Example 1 demonstrates that AICAriboside and the remaining compounds of the invention are taken up rapidly by myocardial cells and readily phosphorylated and metabolized to purine nucleotides in these cells. One advantage offered by this precursor is that it enters the do novo pathway distal to the critical regulatory reactions and consequently, it can markedly increase the rate of purine nucleotide synthesis. In animals with normal myocardial nucleotide pools, there is limited expansion of the ATP and GTP pools following AICAriboside administration, the majority of newly synthesized IMP being diverted out of the cell through catabolic pathways. In the present in vivo study, it is demonstrated that this purine precursor is capable of enhancing the rate of repletion of the ATP and GTP pools in postischemic myocardium.

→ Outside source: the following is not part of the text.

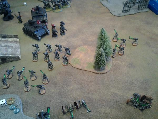 The tesla destructors on the scythe and barge where able to finish off the middle dread, and the closest razorback. Small arms fire killed off 4 of the assault marines in the middle, but the sarge was the sole survivor.
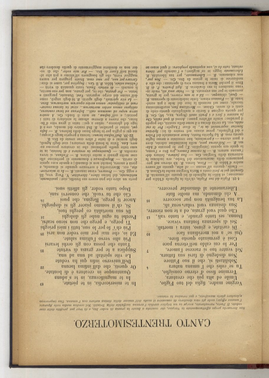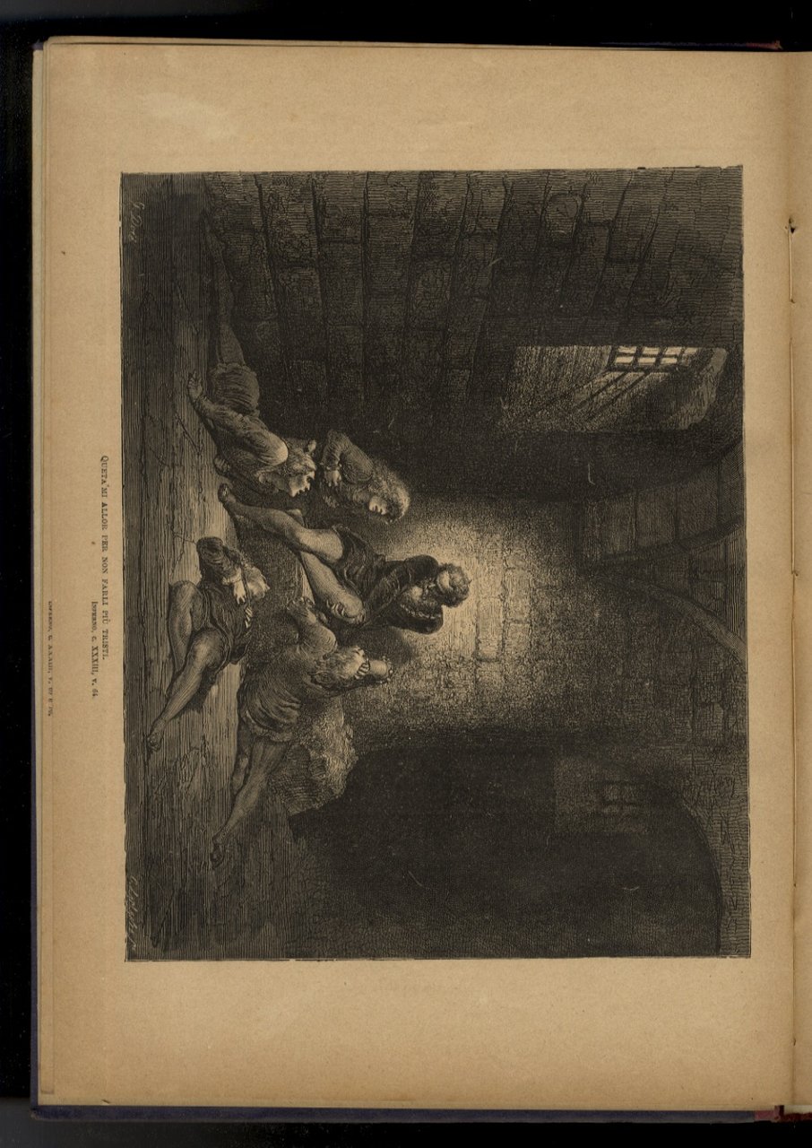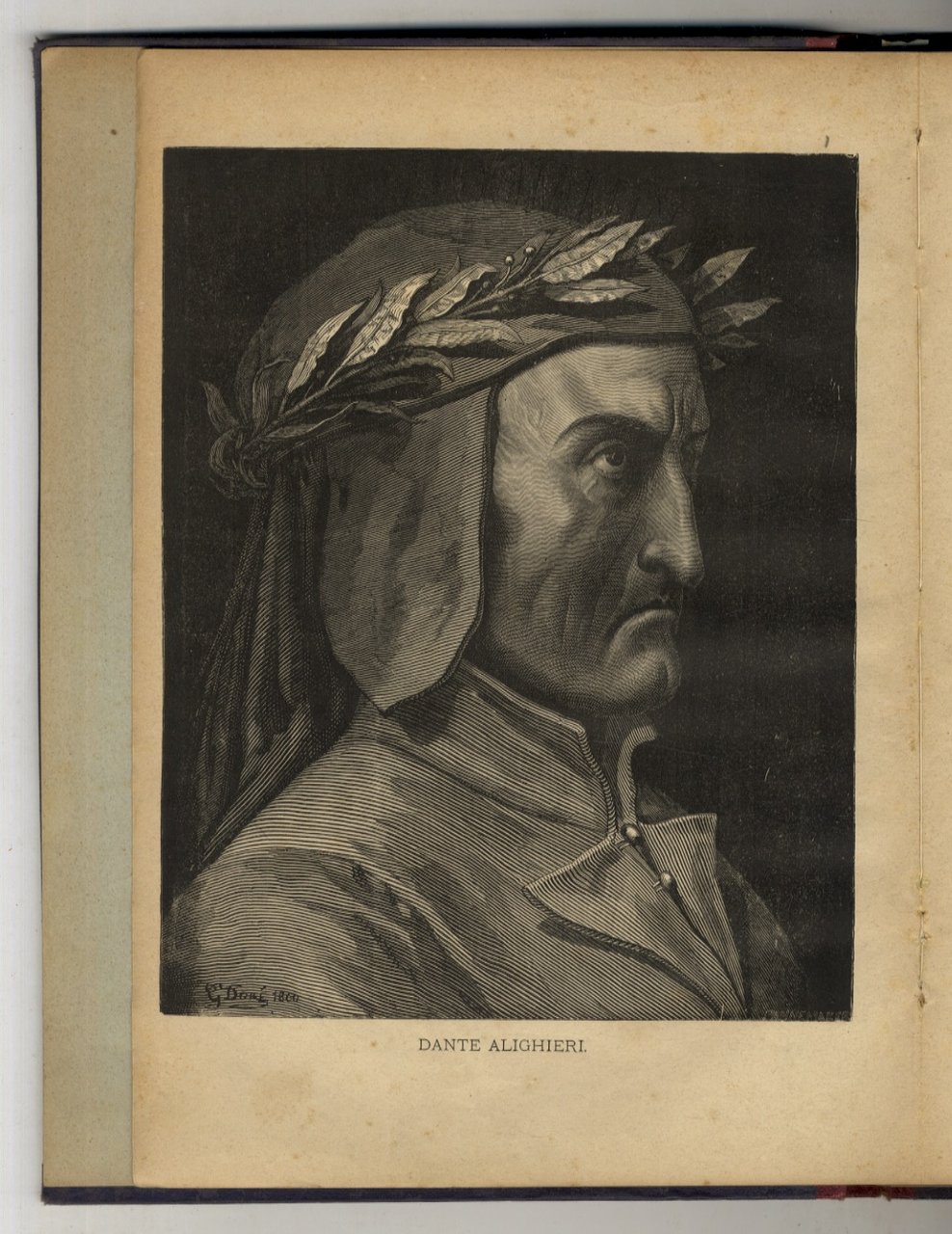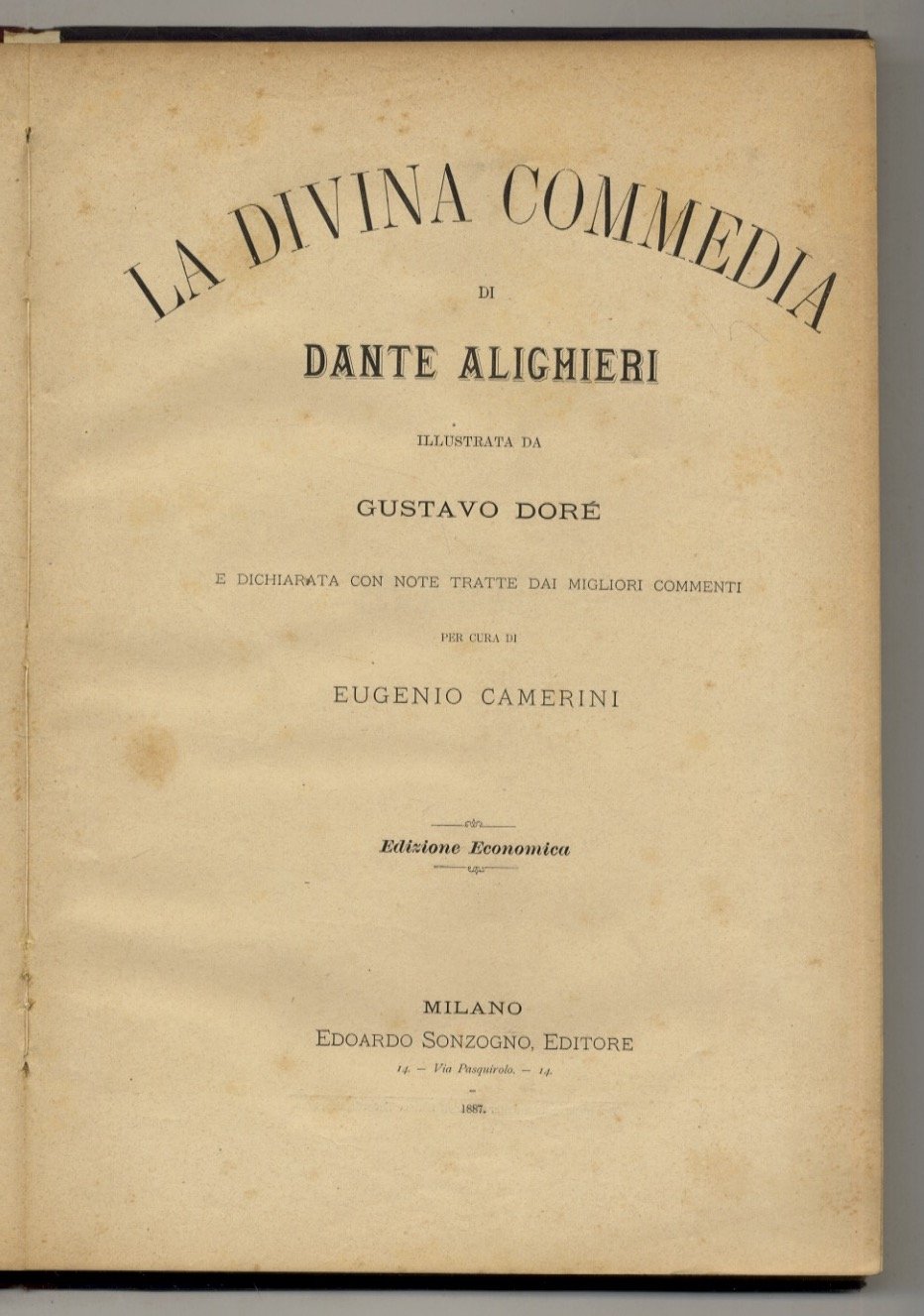 Milano, Edoardo Sonzogno Editore, 1887, un volume diviso in tre tomi, in-4, legatura di poco successiva in mezza tela muta, pp. [8], 679, [1]. Con ritratto di Dante in antiporta e 135 illustrazioni di Doré, tutte a piena pagina. Una illustrazione dell'Inferno con strappo riparato.

AICAriboside has additional properties which are useful in delineating the mechanism by which it enhances the rate of repletion of the ATP and GTP pools. The finding that the AICAR and IMP content of the myocardium increases after AICAriboside administration establishes the increased availability of precursors for ATP and GTP synthesis these cells. This, coupled with the finding of an enhanced rate of repletion of the ATP and GTP pools following AICAriboside of administration, documents that limited availability of purine precursor is responsible for the prolonged period required for repletion of these nucleotide pools in postischemic myocardium and provides a precursor suitable for promoting the desired repletion.
The invention now being fully described, it will be apparent to one of ordinary skill in the art that many changes and modifications can be made thereto without departing from the spirit or scope of the invention as set forth herein.